Cork man’s visit to dentist led to gruelling battle with rare cancer

Cian Griffin at his home near Carrigtwohill, Co Cork. Picture: David Keane.

A brave Cork man has told how a visit to the dentist led to the greatest battle of his life – against one of Ireland’s rarest cancers, writes Sarah Horgan of the Evening Echo

It’s been almost 12 months since Cian Griffin, a restaurant manager with Elbow Lane Brew and Smoke House in Oliver Plunkett Street, was diagnosed with Chronic Myelomonocytic Leukaemia (CMML).

A rare type of cancer, CMML starts in bone marrow cells before invading the blood.

Concerns were initially raised by a dentist who, after inspecting lumps inside his mouth, realised there was something very wrong.

“I couldn’t eat, sleep or even keep water down,” the 27-year-old said.

“Seizures were a major issue. I was initially given 16mgs of morphine to stop the pain.

“The agony had been so bad up to then that I didn’t care about the diagnosis. I was just so happy the pain was gone.

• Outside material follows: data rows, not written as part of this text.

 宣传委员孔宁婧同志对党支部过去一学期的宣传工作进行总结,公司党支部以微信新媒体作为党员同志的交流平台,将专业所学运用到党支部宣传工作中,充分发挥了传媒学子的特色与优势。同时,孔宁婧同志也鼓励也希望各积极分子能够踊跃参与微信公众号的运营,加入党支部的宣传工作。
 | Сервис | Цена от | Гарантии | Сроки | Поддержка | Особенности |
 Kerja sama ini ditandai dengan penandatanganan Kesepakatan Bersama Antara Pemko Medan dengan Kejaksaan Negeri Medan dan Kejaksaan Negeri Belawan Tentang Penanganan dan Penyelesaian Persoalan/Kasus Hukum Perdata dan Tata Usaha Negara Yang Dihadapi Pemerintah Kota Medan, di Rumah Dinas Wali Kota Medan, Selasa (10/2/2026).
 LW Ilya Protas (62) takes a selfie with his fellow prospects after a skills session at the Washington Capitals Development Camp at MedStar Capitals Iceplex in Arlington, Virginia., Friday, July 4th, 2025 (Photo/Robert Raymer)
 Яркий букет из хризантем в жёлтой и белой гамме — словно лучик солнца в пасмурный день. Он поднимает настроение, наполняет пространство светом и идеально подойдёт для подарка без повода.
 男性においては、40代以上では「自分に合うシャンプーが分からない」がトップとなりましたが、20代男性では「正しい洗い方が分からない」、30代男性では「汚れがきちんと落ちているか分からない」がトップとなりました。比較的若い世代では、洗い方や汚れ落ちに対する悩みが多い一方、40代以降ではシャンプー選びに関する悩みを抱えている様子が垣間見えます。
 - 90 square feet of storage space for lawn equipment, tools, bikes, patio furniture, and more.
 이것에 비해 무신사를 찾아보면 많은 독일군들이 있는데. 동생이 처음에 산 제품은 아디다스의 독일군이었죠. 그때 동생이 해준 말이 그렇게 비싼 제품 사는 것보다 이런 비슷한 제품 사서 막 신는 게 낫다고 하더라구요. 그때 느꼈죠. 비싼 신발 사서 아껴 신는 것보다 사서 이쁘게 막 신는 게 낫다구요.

“Within 12 hours of stepping through the door of Cork University Hospital, I was undergoing chemotherapy. The first 12 days I didn’t so much as have a break.”

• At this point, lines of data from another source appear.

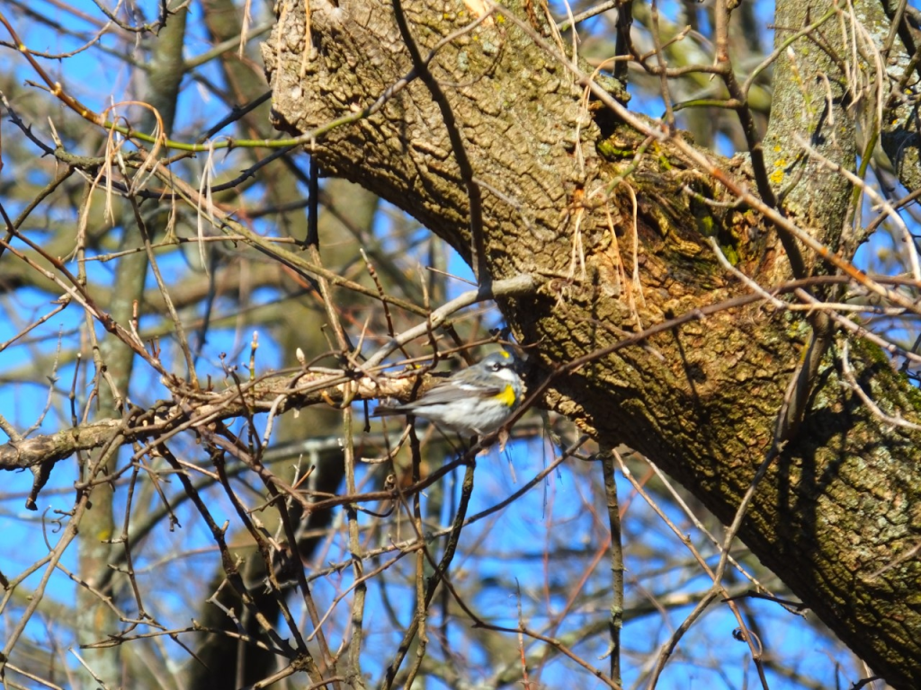 The worse shot, barely good enough for identification, is of a yellow-rumped warbler, I believe. I expected it to be a golden-crowned kinglet, but note the yellow patches at front of wings as well as the crown.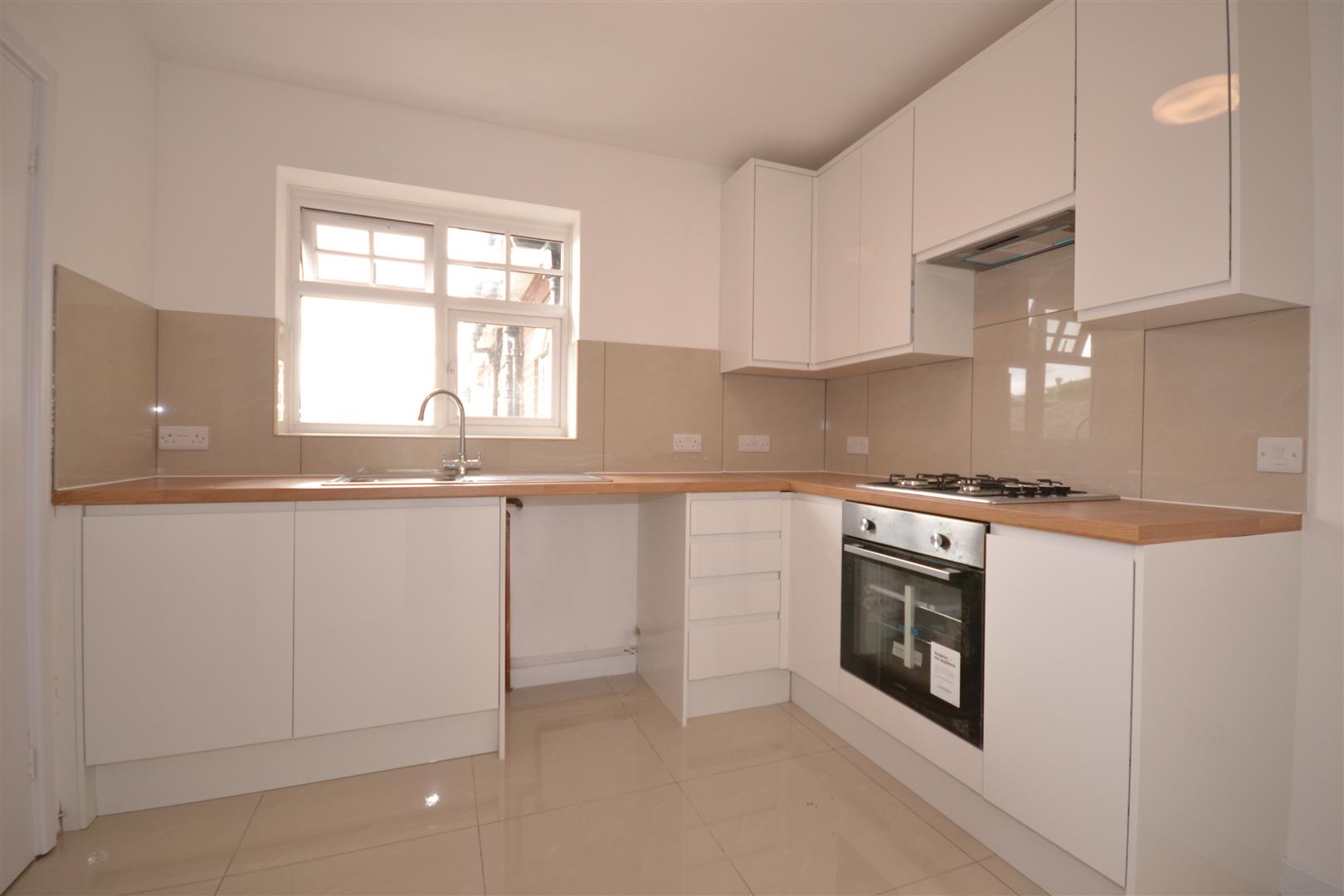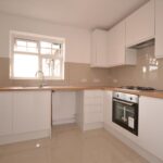 Range of wall and base units with worktop over, stainless steel sink drainer and mixer tap, electric oven and gas hob, space and plumbing for washing machine, space for freestanding fridge freezer, UPVC window, two larder style cupboards one housing boiler.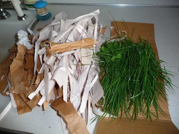 Romper periódico o cualquier tipo de producto de papel que normalmente reciclas. Estos productos de papel hará que la ropa de cama para las lombrices y deben ser alrededor 2" profundos y no compactada abajo. Asegúrese de que la ropa de cama mullida para arriba y tiene un montón de bolsas de aire para los gusanos para moverse.

Unfortunately, this was just the start of an arduous battle for Cian, who later learned he would require a stem cell transplant.

“At one point I was down to 90kgs. My little sister, Orla, flew all the way from her home in Australia just to find out if she was a match.

“For an entire month, she never left my bedside. Orla has always been a very caring person who would do anything for anyone.

“Our older sister, Tara, had a newborn baby, but still found time to visit me several times a week.”

The Carrigtwohill man underlined the role humour played in lifting his spirits.

“When we discovered Tara wasn’t a match either she joked that she was very upset as she’d been planning to hold it against me for the rest of my life.”

Nurses at Cork University Hospital, who Cian referred to as “angels,” also found creative ways to distract from the horrific situation.

“ At one point I was on the floor screaming in pain. It was so hard for my mother to see me in such agony. There were times when she had to leave the room as watching me suffer just became too much.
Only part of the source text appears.